Personal details
- Born: June 30, 1921 Mexico City
- Died: May 15, 2005 (aged 83) Mexico City
- Party: Institutional Revolutionary Party (PRI)
- Spouse: Rosa María Campa Padilla

= Arsenio Farell =

Mexican politician (1921–2005)

Arsenio Farell Cubillas (June 30, 1921 – May 15, 2005) was a Mexican lawyer and politician affiliated with the Institutional Revolutionary Party (PRI). He served as Secretary of Labor in the cabinets of Miguel de la Madrid and Carlos Salinas and headed the Federal Comptroller's Secretariat in the cabinet of Ernesto Zedillo Ponce de León.

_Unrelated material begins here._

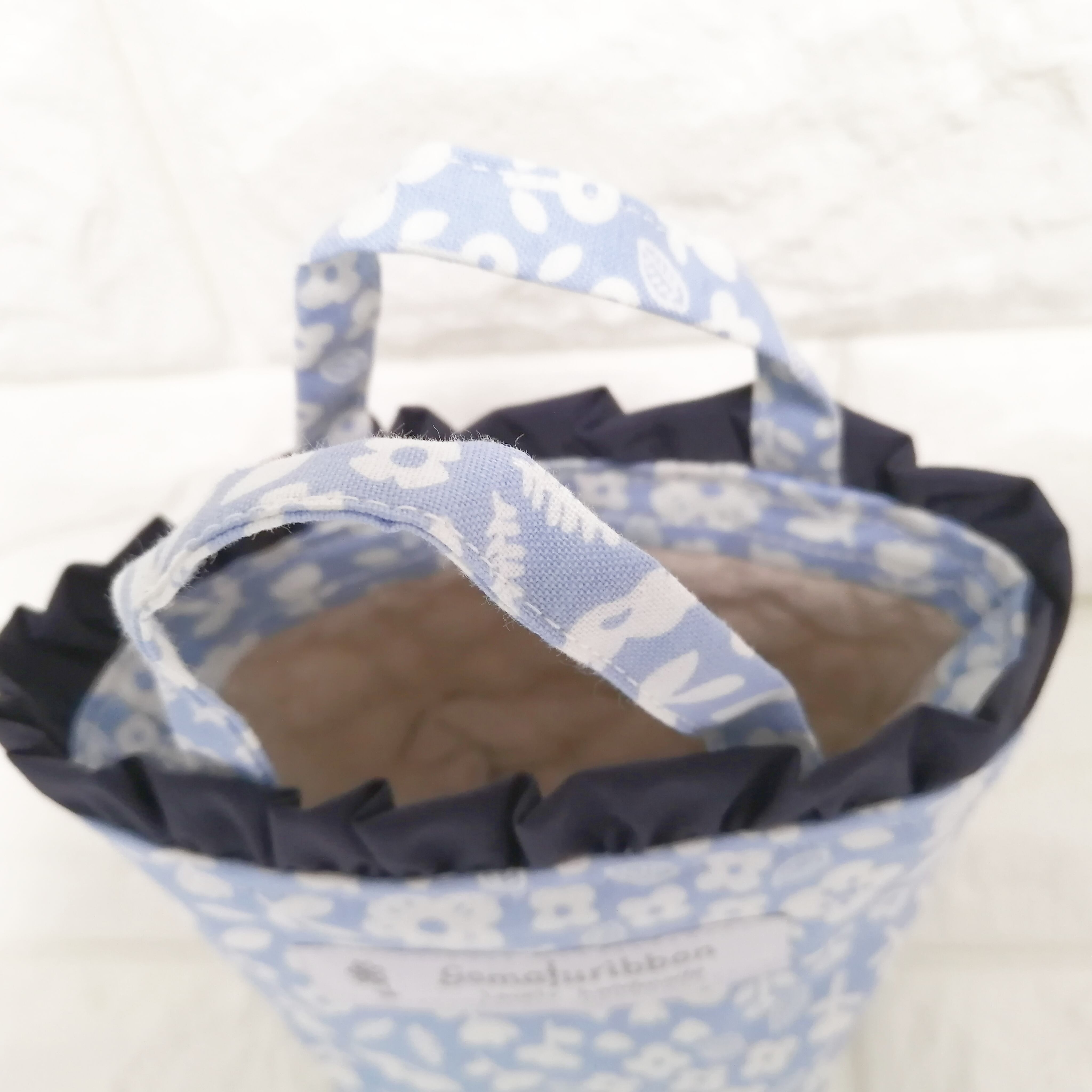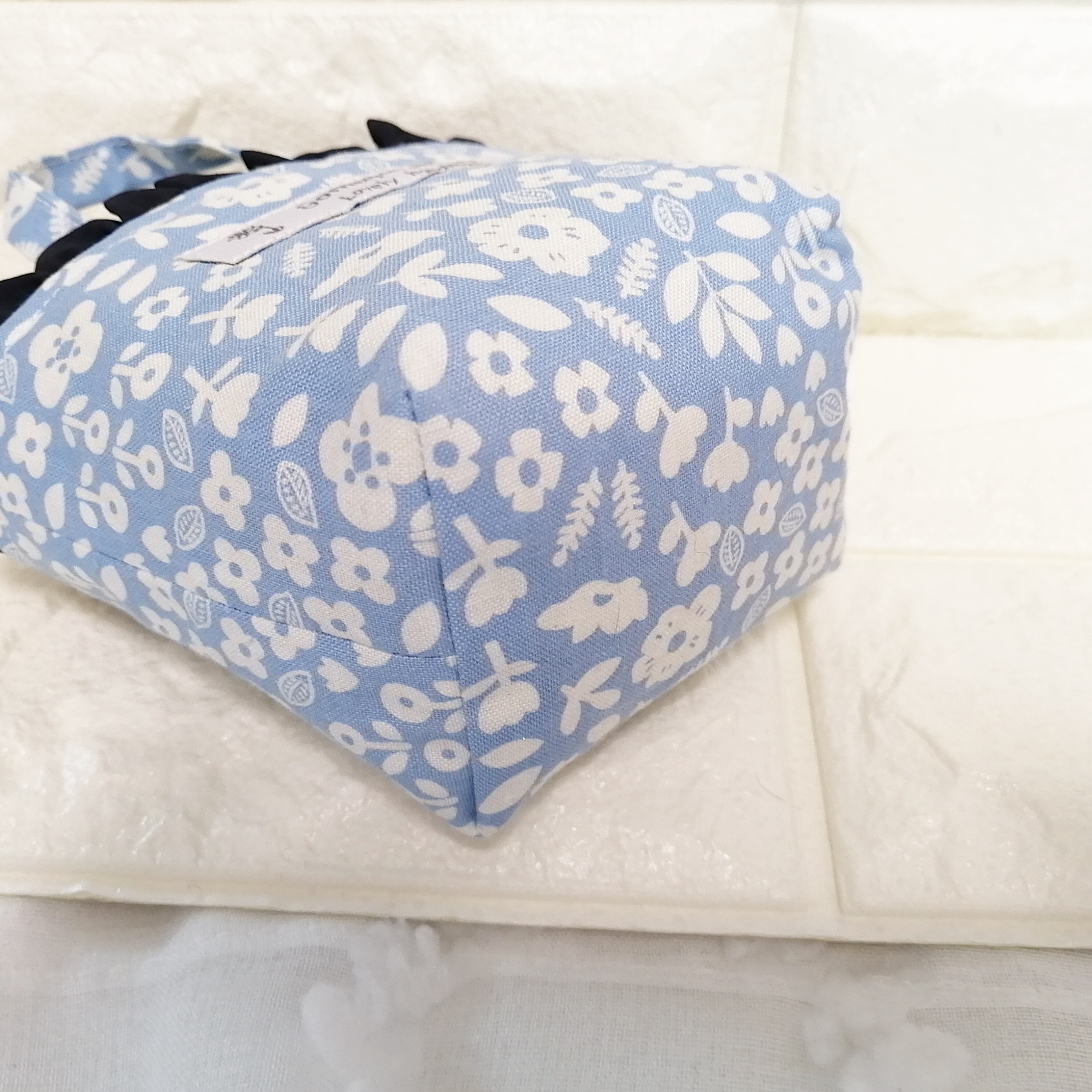 トートバッグ型の小物入れ 水色x白い小花 紺のフリル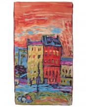 Elegna Luxurious 100% Charmeuse Silk Art Collection Long Scarf Houses in Munich

Farell Cubillas was born in Mexico City to Spanish immigrants Enrique Farell Solá and Consuelo Cubillas Gutiérrez. His brother was General Luis Farell Cubillas. He received a bachelor's, master's and doctorate's degree in law from the National Autonomous University of Mexico (UNAM), where he also taught several courses for almost 19 years (1954 - 1973) before heading the Mexican Institute of Social Security in the López Portillo administration. He was married to Rosa María Campa Padilla.

==Cultural references==

Arsenio Farrell Industrial Park (in the text, the name appears with an additional letter 'r') is a fictional maquiladora which is mentioned several times in Roberto Bolaño's final novel 2666, specifically, in book four, The Part About the Crimes.
It has been reported that Arsenio Farell Cubillas had assisted PRI's (Institutional Revolutionary Party) Miguel Nazar Haro and Luis Echeverría Álvarez to detain and torture suspected terrorists (leftists, intellectuals, etc.) during the Dirty War (Mexico), from 1964 to 1982. In the novel, several missing female persons are discovered at, or near, the maquiladora, which is located in Santa Teresa, a fictionalized version of Ciudad Juarez. The plot alludes to Northern Mexico's feminicide, beginning in the early 1990s and disproportionately affecting the border city. The maquiladoras also symbolize the PRI's long-standing facade of democracy and free trade built on the backs of the working poor. It has been reported that Farell helped cancel at least 400 unions across Mexico in the early 1990s.
Regardless, other sources suggest 80-90% of all Mexican unions had fallen prey to organized crime by the 1990s.